MOKSHA 

The doctrine of samsara as it was developed in the Upanishads made the hope of a heaven in which all the sorrows of this world were made good a foreclosed possibility. With the concept of an afterlife in which one simply is reborn time and again because of the actions (karma) one takes in life led Upanishadic thinkers to conceive of moksha, or release from the changing world and the cycle of birth and rebirth.

 Since the Upanishadic writers believed that the material universe, the universe of change, was essentially illusion (maya ), the constant participation of atman, one's unchanging spirit, in the world of change and illusion was the cause of disappointment and suffering. The goal in much of the Upanishadic literature is to become free of the cycle of birth and rebirth, free of the body and its vicissitudes, free of the sorrow and disappointment of this world. What this "liberation" entailed is never really made clear in The Upanishads . Called "the opposite side of sorrow" and "the farthest shore from darkness" in the Chandogya Upanishad and "the crossing over the waters of sorrow" in the Mundaka.

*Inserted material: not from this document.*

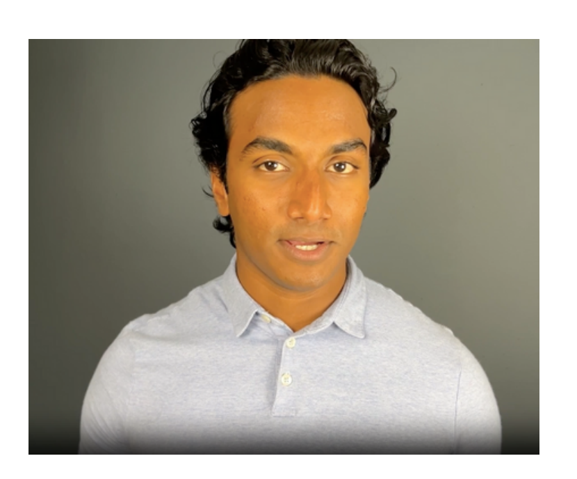
Visit this <u>page</u> to watch more student testimonials

The two great revolutionary challenges to orthodox Hinduism in both its intellectual and brahminic forms both focussed almost exclusively on this idea of moksha Jainism concentrates exclusively on methods to attain release fromsamsara unlike the Upanishadic writers, Mahavira and the Jains seem to have thought of karma as a kind of material thing which accreted around the unchanging soul. What particularly bound one to the material world were sinful or violent acts; one could counterbalance these violent acts with acts of merits. What Mahavira enjoined on his disciples was not complete action, but self-conquest, setting limitations on yourself and holding to these limitations consistently. Successfully pursued, these methods could lead the atman to shed its karma in order to reach and dwell in the highest place in the universe, Isatpragbhara.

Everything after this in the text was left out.